China's trade surplus balloons
ALLISON JACKSON
August 10, 2010 - 3:59PM
China's trade surplus ballooned to 28.7 billion US dollars in July as exports hit a record high, government data showed Tuesday, which is likely to intensify pressure on Beijing for a stronger yuan.
Despite a slower growth in exports, the nation posted its biggest trade surplus since January 2009 as the value of China's overseas shipments reached a monthly record 145.52 billion US dollars in July, customs authorities said.
The data suggested China had so far seen little impact from the European debt crisis and weak recovery in the United States, as consumers continued to snap up Chinese-made televisions, T-shirts and leather shoes.
July's trade surplus compared with a surplus of 20.02 billion US dollars in June and surpassed analyst expectations for 19.6 billion US dollars.
It also marked a sharp turnaround from March, when the country recorded a trade deficit.

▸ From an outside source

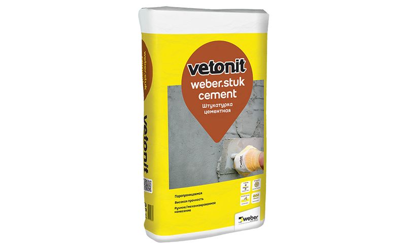 Цементная декоративная штукатурка weber.stuk cement для выравнивание поверхностей слоем от 5 до 30 (50) мм.
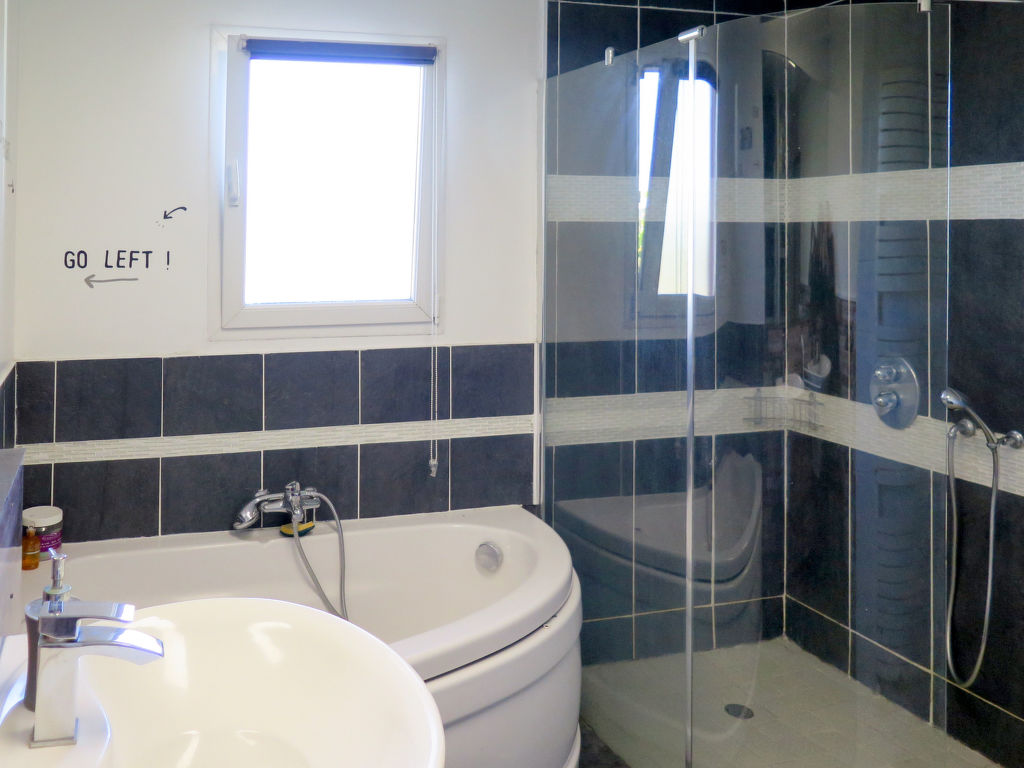 5-Zimmer-Haus, ca. 120 m². Wohnraum mit Sitzgruppe, Kamin, Essplatz und offener Küche (3 Induktionsfelder, Backofen, Mikrowelle, Geschirrspüler, Kühl-/Gefrierkombination, Kaffeemaschine, Kaffeepadmaschine, Wasserkocher, Toaster) mit Essplatz für 3 Personen (Barhocker), Terrassenausgänge. Schlafzimmer mit franz. Bett (1,60 m breit), Ausgang ins Freie. 3 Schlafzimmer, jeweils mit franz Bett. Bad/Dusche/Doppelwaschbecken. 2x sep.WC. Inserat einer Privatperson nach Artikel 155, IV, CGI. 40310000080XT

Exports grew 38.1 percent from the same period a year ago, slower than in June, when they were up 43.9 percent as steelmakers and other raw material producers accelerated shipments before the government scrapped tax rebates on some products last month.
Policymakers were likely to resist any outside pressure to let the Chinese currency appreciate too quickly against the dollar, using the slowdown in export growth as their justification, experts said.
Imports gained 22.7 percent year-on-year to 116.79 billion US dollars in July, marking a sharp slowdown in the pace of growth from June, when imports rose 34.1 percent.
It was the fourth straight month that year-on-year growth in imports has slowed.
"In the United States we still have unemployment close to 10 percent and data out later this week will likely show another huge trade deficit of more than 40 billion US dollars," said Brian Jackson, a senior analyst at Royal Bank of Canada in Hong Kong.
"This contrast in the trade position of the two most important economies in the world will likely increase the pressure from Washington for Beijing to allow further currency appreciation."
Beijing pledged in mid-June to let the yuan exchange rate trade more freely against the dollar, though it ruled out sharp fluctuations in the value of the currency.
Since then, the yuan has gained less than one percent against the greenback, angering US lawmakers and other critics who claim the currency is undervalued by as much as 40 percent, giving Chinese exporters an unfair advantage.
But the slowdown in export growth could deter Beijing from letting the yuan appreciate too fast, analysts said.
"The seasonal rise in the trade surplus during the remainder of the year, and expected slowing in year-ago export growth is unhelpful for foreign exchange policy," said Ben Simpfendorfer, economist at Royal Bank of Scotland in Hong Kong.
"The two developments will only add to Washington's insistence on a stronger yuan and Beijing's resistance."